[Start of Attachment]

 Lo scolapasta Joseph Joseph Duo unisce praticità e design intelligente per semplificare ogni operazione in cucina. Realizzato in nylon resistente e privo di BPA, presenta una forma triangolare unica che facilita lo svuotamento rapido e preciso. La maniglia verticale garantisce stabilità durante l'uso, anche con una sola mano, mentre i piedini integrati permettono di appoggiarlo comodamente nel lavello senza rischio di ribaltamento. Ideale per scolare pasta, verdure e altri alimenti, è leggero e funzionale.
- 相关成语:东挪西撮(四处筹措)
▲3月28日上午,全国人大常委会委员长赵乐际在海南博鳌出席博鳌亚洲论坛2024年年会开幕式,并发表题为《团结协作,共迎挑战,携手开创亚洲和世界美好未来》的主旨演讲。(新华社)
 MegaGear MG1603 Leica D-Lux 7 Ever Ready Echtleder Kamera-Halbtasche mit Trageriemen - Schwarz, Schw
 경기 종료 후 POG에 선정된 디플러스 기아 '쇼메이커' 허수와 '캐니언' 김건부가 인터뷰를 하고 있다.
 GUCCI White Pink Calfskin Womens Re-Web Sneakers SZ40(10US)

[End of Attachment]
[Start of Attachment]

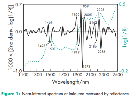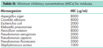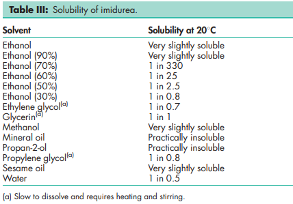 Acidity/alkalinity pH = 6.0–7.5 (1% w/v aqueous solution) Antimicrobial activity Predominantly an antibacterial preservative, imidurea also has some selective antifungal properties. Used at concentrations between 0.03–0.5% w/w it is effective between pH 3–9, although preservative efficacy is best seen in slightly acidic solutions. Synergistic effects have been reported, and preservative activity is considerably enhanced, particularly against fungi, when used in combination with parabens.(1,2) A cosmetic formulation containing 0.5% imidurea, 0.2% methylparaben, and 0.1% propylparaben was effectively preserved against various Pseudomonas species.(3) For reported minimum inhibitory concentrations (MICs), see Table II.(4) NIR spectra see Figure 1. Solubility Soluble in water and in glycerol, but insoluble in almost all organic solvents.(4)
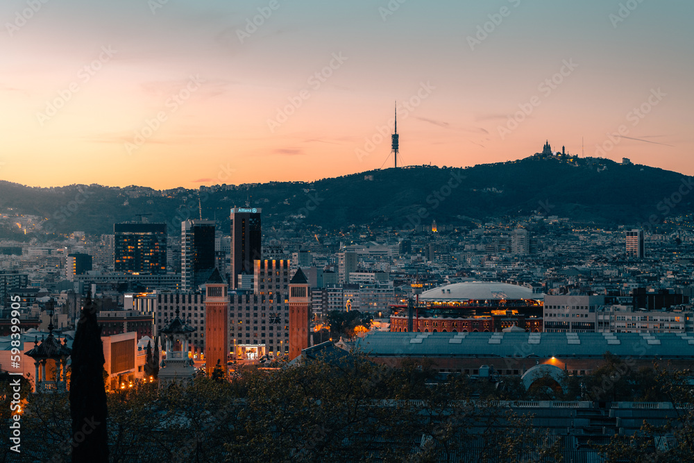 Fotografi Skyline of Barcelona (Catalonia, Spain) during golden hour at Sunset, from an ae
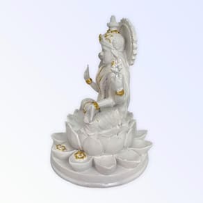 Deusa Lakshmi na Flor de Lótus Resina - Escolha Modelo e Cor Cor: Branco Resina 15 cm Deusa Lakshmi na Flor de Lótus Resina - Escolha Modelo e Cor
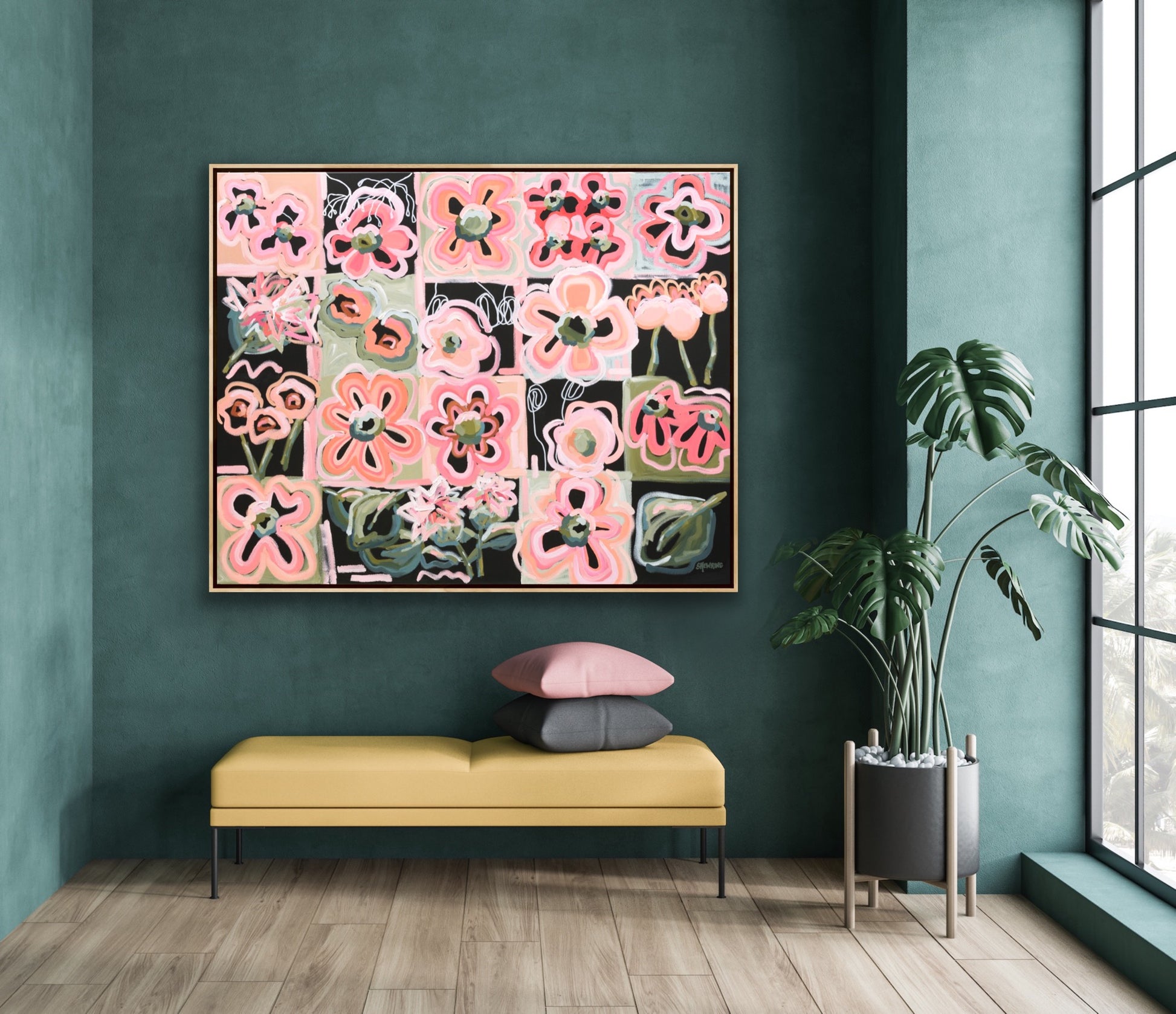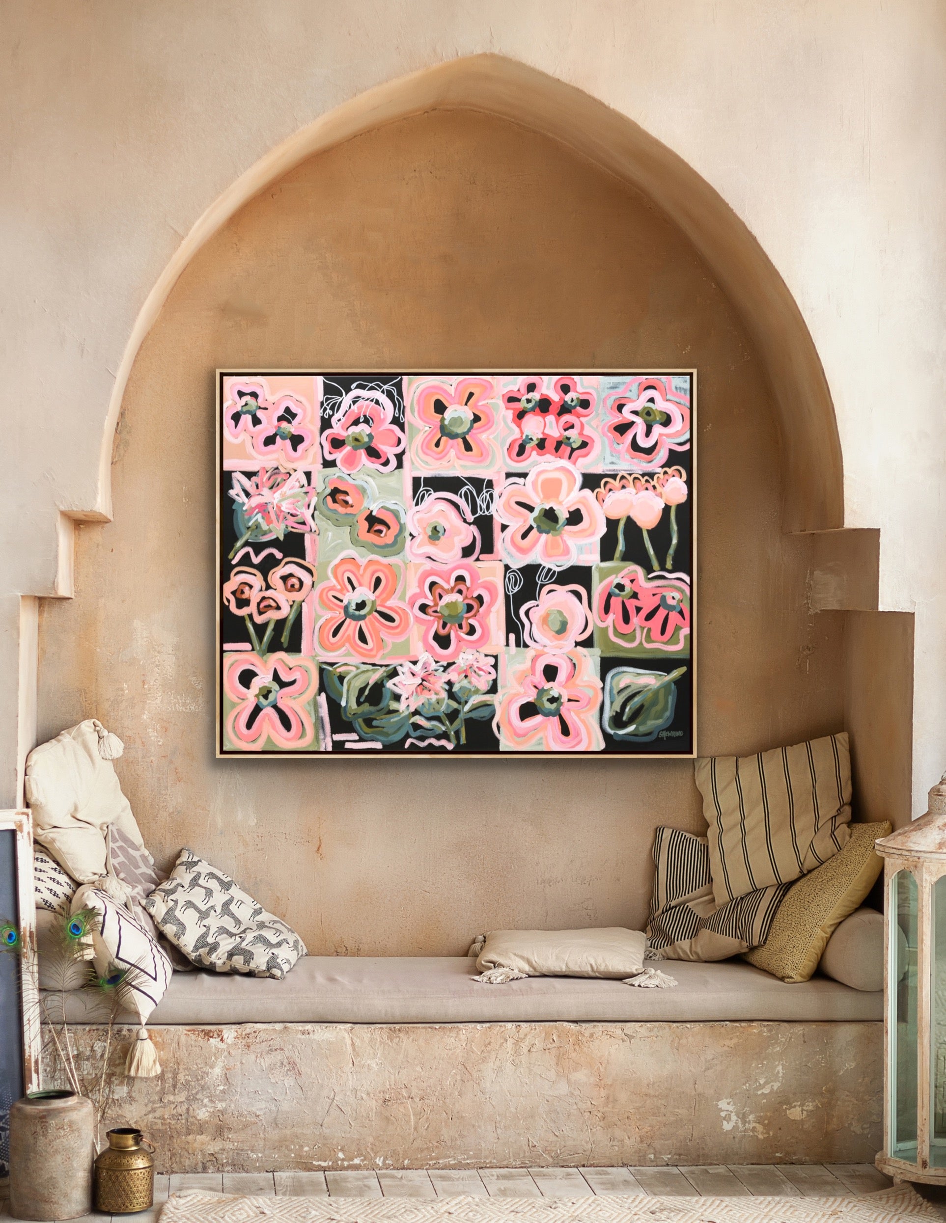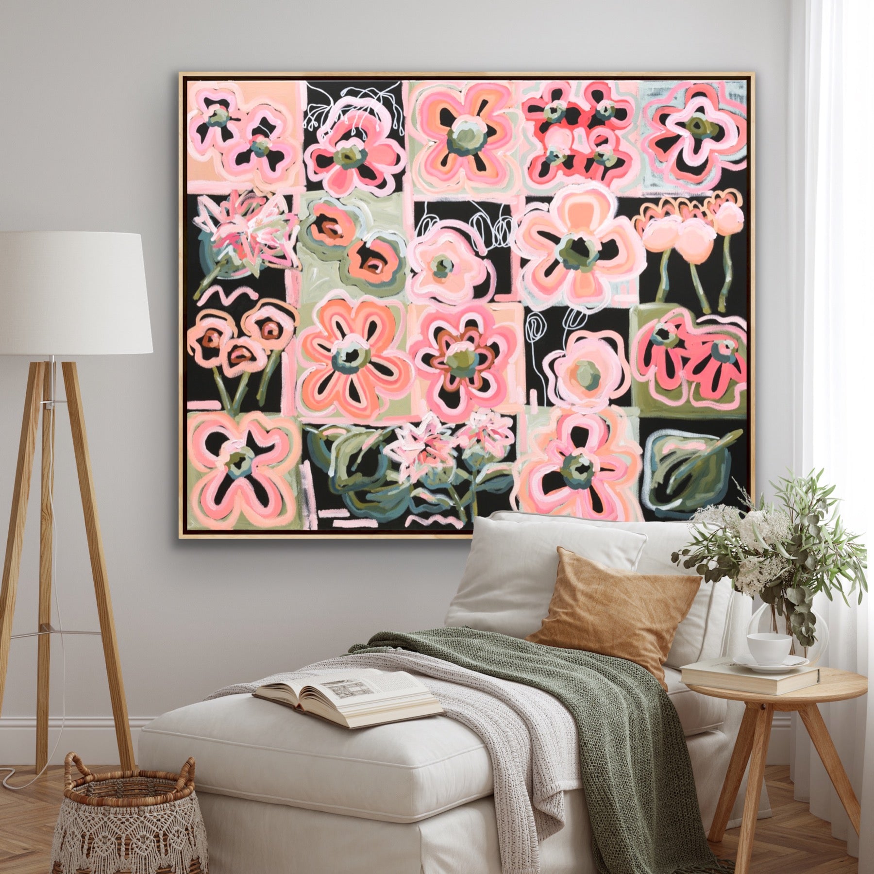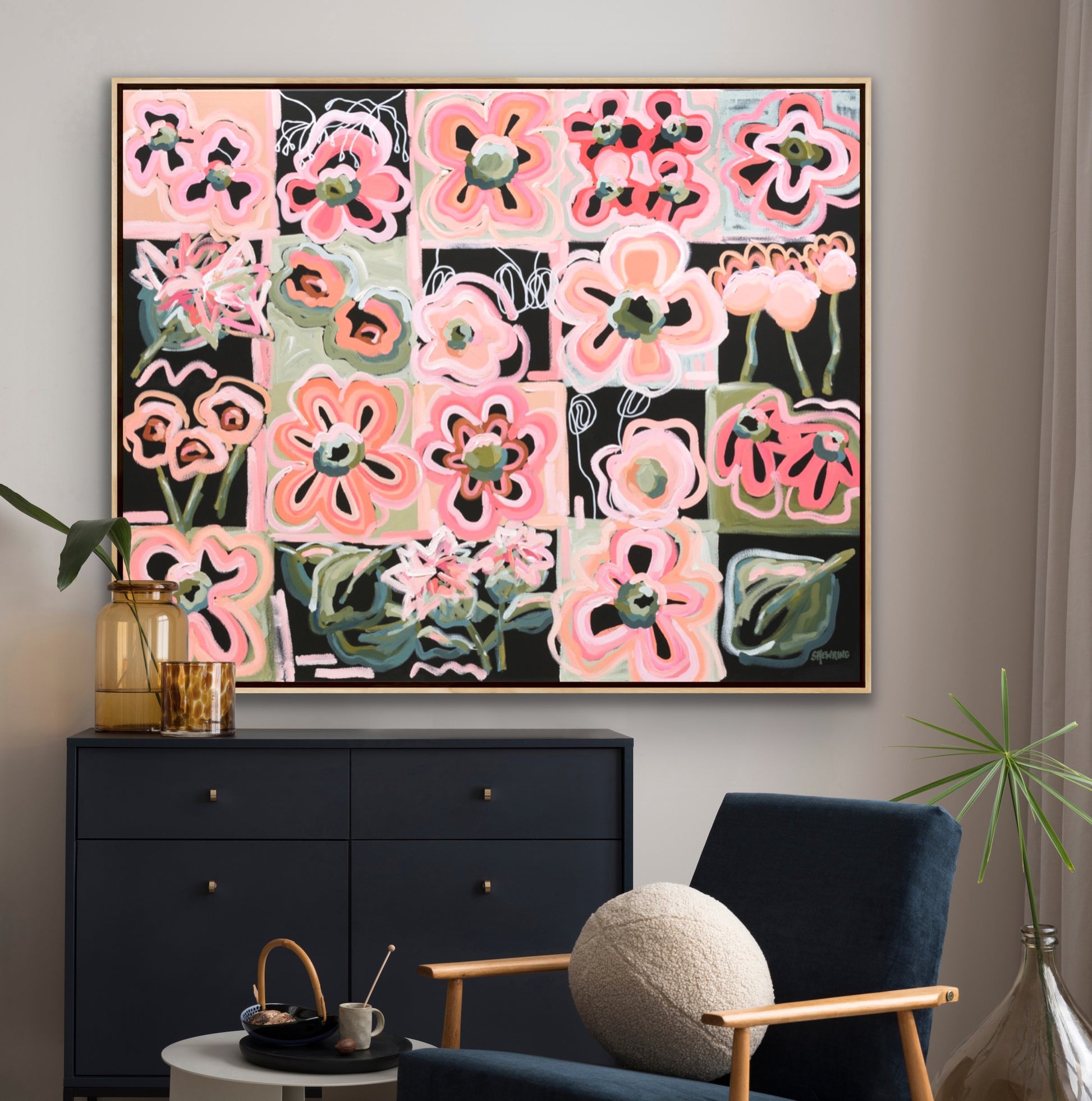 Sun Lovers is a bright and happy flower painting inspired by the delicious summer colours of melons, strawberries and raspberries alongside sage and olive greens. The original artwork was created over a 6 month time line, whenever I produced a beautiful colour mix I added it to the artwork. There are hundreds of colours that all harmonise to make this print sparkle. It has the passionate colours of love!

[End of Attachment]
[Start of Attachment]

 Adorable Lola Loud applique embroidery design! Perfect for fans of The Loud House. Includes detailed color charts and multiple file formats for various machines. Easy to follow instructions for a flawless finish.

[End of Attachment]

• [Task]
Whatever else the listing above holds, retype exactly only the lines from the one containing "Lo scolapasta Joseph" to the one containing "GUCCI White Pink", both ends kept.

• [Written response]
 Lo scolapasta Joseph Joseph Duo unisce praticità e design intelligente per semplificare ogni operazione in cucina. Realizzato in nylon resistente e privo di BPA, presenta una forma triangolare unica che facilita lo svuotamento rapido e preciso. La maniglia verticale garantisce stabilità durante l'uso, anche con una sola mano, mentre i piedini integrati permettono di appoggiarlo comodamente nel lavello senza rischio di ribaltamento. Ideale per scolare pasta, verdure e altri alimenti, è leggero e funzionale.
- 相关成语:东挪西撮(四处筹措)
▲3月28日上午,全国人大常委会委员长赵乐际在海南博鳌出席博鳌亚洲论坛2024年年会开幕式,并发表题为《团结协作,共迎挑战,携手开创亚洲和世界美好未来》的主旨演讲。(新华社)
 MegaGear MG1603 Leica D-Lux 7 Ever Ready Echtleder Kamera-Halbtasche mit Trageriemen - Schwarz, Schw
 경기 종료 후 POG에 선정된 디플러스 기아 '쇼메이커' 허수와 '캐니언' 김건부가 인터뷰를 하고 있다.
 GUCCI White Pink Calfskin Womens Re-Web Sneakers SZ40(10US)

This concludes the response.